By Brad Zigler
Pundits and oil analysts were collectively off the mark on this week's big number: crude inventories. Stocks, which had been projected to rise by some 100,000 barrels last week, instead tumbled 2 million barrels to stay below trend line averages.
August crude oil opened 18 cents a barrel higher on NYMEX this morning after rising slightly higher overnight. Oil closed Tuesday's floor session 97 cents higher at $140.97 after profit-taking cooled the market's early advance. The United States Oil Fund (AMEX: USO) finished Tuesday 93 cents higher at $114.59 a share. For the week ended Tuesday, NYMEX crude futures gained nearly $4 a barrel, or 2.9%. USO picked up $3.65 per share, or 3.3%, for the week. Bloomberg's survey of two dozen oil analysts and traders was split in their forecasts of this week's futures market. Nine respondents, or 38%, said prices were likely to rise, while, 11, or 46%, were banking on prices declining. The remaining four respondents were neutral.
The crude oil market's quarterly contango in the nearby months rose 58 cents per barrel over the past week. Contango is a premium commanded by a contract calling for later delivery of a commodity, largely reflecting storage and financing costs. Its opposite, backwardation, prevails when supplies are perceived to be too tight to justify storage.

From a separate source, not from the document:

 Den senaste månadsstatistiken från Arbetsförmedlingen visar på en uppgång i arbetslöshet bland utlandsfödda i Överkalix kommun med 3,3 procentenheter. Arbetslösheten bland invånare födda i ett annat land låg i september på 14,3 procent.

Crude Oil Inventories Vs. Futures Spreads
Refineries operated at 89.2% of their capacity last week, fairly well in line with prognostications of an 89.1% ratio. Capacity utilization ramped up 0.6% over the previous week's level. Gasoline production fell last week as well as the refining output of heating and diesel oil.

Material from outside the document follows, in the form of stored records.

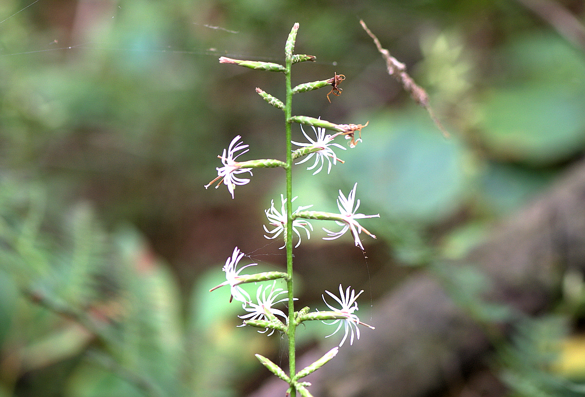 꽃은 7∼9월에 흰색으로 피고 줄기 끝에 여러 개의 두상화(頭狀花:꽃대 끝에 꽃자루가 없는 많은 작은 꽃이 모여 피어 머리 모양을 이룬 꽃)가 총상꽃차례를 이루며 달린다.
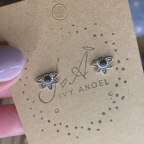 Sterling silver lotus style bow stud earrings for pierced ears. Featuring black agate centres
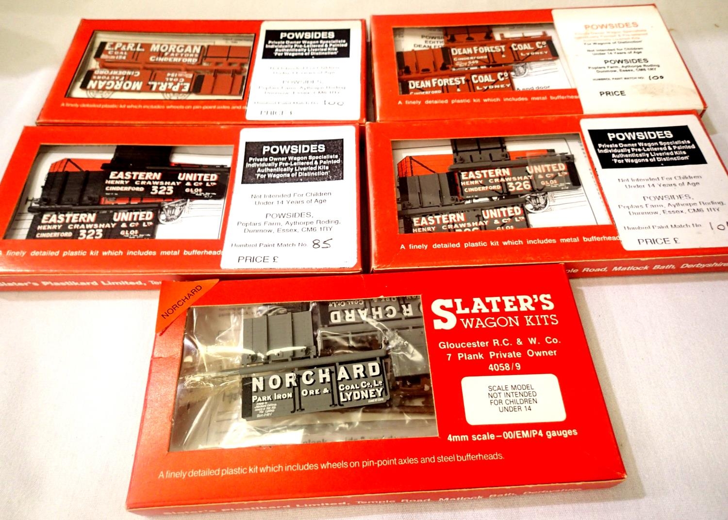 Five Slaters OO scale private owner wagon kits, appears complete, contents unchecked. P&P Group 1 (£14+VAT for the first lot and £1+VAT for subsequent lots)

Guesstimates for gasoline stocks were way too conservative, though. Inventories jumped by 2.1 million barrels against expectations of a 100,000-barrel increase. Still, gasoline supplies remain below average for this time of year. Over the last four weeks, motor gasoline demand declined 1.7% versus year-ago levels.
Projections for distillate stocks, including heating and diesel oil, were much closer to the mark. Inventories rose 1.3 million barrels last week, putting supplies squarely in the middle of seasonal tendencies. Analysts had expected a 1.7-million-barrel upswell. Distillate fuel demand has softened 0.5% over the past four trading weeks, compared with the same period last year.

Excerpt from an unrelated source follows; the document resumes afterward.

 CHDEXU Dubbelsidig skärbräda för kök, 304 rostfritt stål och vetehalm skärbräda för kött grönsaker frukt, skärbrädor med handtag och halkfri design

Heating oil futures were slightly higher overnight following gains made in Tuesday's floor session. Technically, the heating oil market seems poised to attack the $4-a-gallon mark on the August chart, though prices lagged during the week compared with crude and gasoline futures. Nearby NYMEX heating oil rose 9 cents a gallon, or 2.3%, for the week ended Tuesday. The United States Heating Oil Fund (AMEX: UHN) rose $1.74 a share, or 2.8%, over the last five trading sessions.
Overnight gains in unleaded gasoline futures followed Tuesday's bullish floor session as the market consolidated a 1.1% or 4-cent-per-gallon gain for the week. Futures' gains were bettered by the week's 1.4%, or 89 cent-per-share, uptick in the United States Gasoline Fund (AMEX: UGA).
Counting the modest rises in gasoline and heating oil futures, the nearby NYMEX crack spread was whittled down a penny to $13.42 per barrel, yielding a gross refining margin of 9.5%. A month ago, the margin was 14.4%.
NYMEX Crack Spread And Refining Margins
Oil traders are watching the U.S. dollar for cues as they await a decision by the European Central Bank to tinker with lending rates. If the ECB raises rates, the dollar will likely slip further against the euro and bolster oil prices.
Ongoing jawboning about possible attacks planned on Iran is also keeping the market jumpy. As OPEC's second-largest exporter, Iran figures large in the global supply picture. About 40% of global oil exported by tankers passes through the mouth of the Persian Gulf.